Summary

Explore the data below for information on new cancer cases, survival, prevalence and deaths.

The data presented in these pages cover a large majority of the Indigenous Australian population, however reliable data are not available for all states and territories.

Data by Indigenous status for cancer incidence, survival and prevalence are available for the states and territories where 90% of Indigenous Australians live (New South Wales, Victoria, Queensland, Western Australia and the Northern Territory). 

Data by Indigenous status for cancer mortality are available for the states and territories where 88% of all Indigenous Australians live (New South Wales, Queensland, Western Australia, South Australia and the Northern Territory).

See the Notes section for more details on data availability.

Background information

Aboriginal and Torres Strait Islander people (respectfully referred to as Indigenous Australians) are disadvantaged across a range of health and socioeconomic indicators, when compared with non-Indigenous Australians. Many factors contribute to the gap between Indigenous and non-Indigenous health, including social disadvantage (such as lower education and employment rates) as well as higher smoking rates, poor nutrition, physical inactivity and poor access to health services [1]. Indigenous Australians are also more likely to live in remote areas of Australia than non-Indigenous people.

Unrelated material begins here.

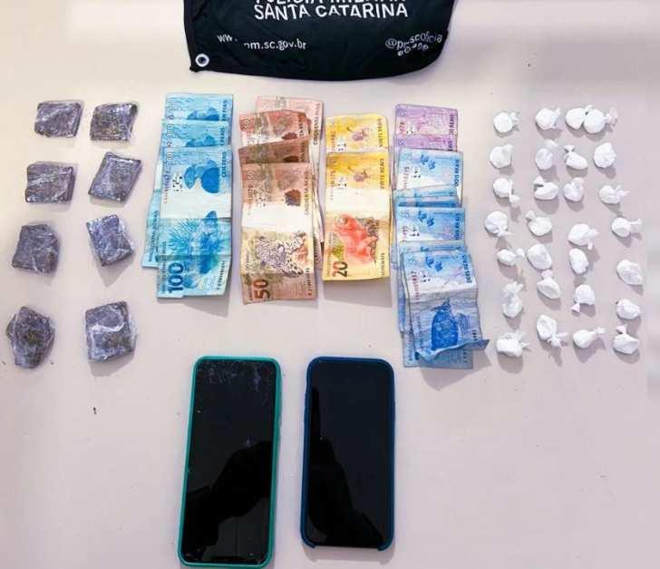 Ao fazer a abordagem, foi apreendido um total de R$ 614, 29,8 gramas de cocaína e 57 gramas de ma-

Indigenous Australians are less likely to participate in bowel, breast and cervical population screening programs. For all cancers combined, Indigenous Australians are more likely to be diagnosed with and die from, cancers than non-Indigenous Australians. Indigenous Australians had lower survival rates than non-Indigenous Australians and hence, lower prevalence rates.

The following web pages present information on cancer incidence (new cases), relative survival, conditional survival, prevalence and mortality (deaths) by Indigenous status. Participation in national cancer screening programs is also included where available. Data are available from a range of sources and different years. Data are presented by topic and cancer type, according to sex, age group or life stage, trends over time, state and territory and remoteness area.

Some data have been presented for multiple years to reduce the chance of random variations in rates from year to year. This is especially important for small population groups which are more likely to involve small counts. To demonstrate random variations, data for individual years have been presented for time trend figures. Where statistically significant, estimated trend lines have been applied to figures based on a least-squares regression equation to indicate any potential trends. See the Notes section for more details. Observed differences by the characteristics examined in this section may result from a number of underlying factors, including variations in:

  • population characteristics (for example, a relatively greater proportion of Indigenous people living in remote areas)
  • the prevalence of risk and/or protective factors in the population (for example, tobacco consumption, physical activity and cancer screening)
  • the availability and usage of diagnostic services.

Indigenous Australians continue to experience difficulties accessing health services and experience significantly disparate health outcomes as evidenced by the data in this report. The National Safety and Quality Health Service (NSQHS) Standards are an important tool in supporting Australian health services to deliver safe, high-quality care to patients. In November 2017, the Commission released the NSQHS Standards (second edition). It is hoped that these changes will lead to improved health outcomes for Aboriginal and Torres Strait Islander people by promoting and supporting participation and engagement in their care.

Reference

  1. AIHW 2016. Australia’s health 2016. Australia’s health series no. 15. Cat. no. AUS 199. Canberra: AIHW.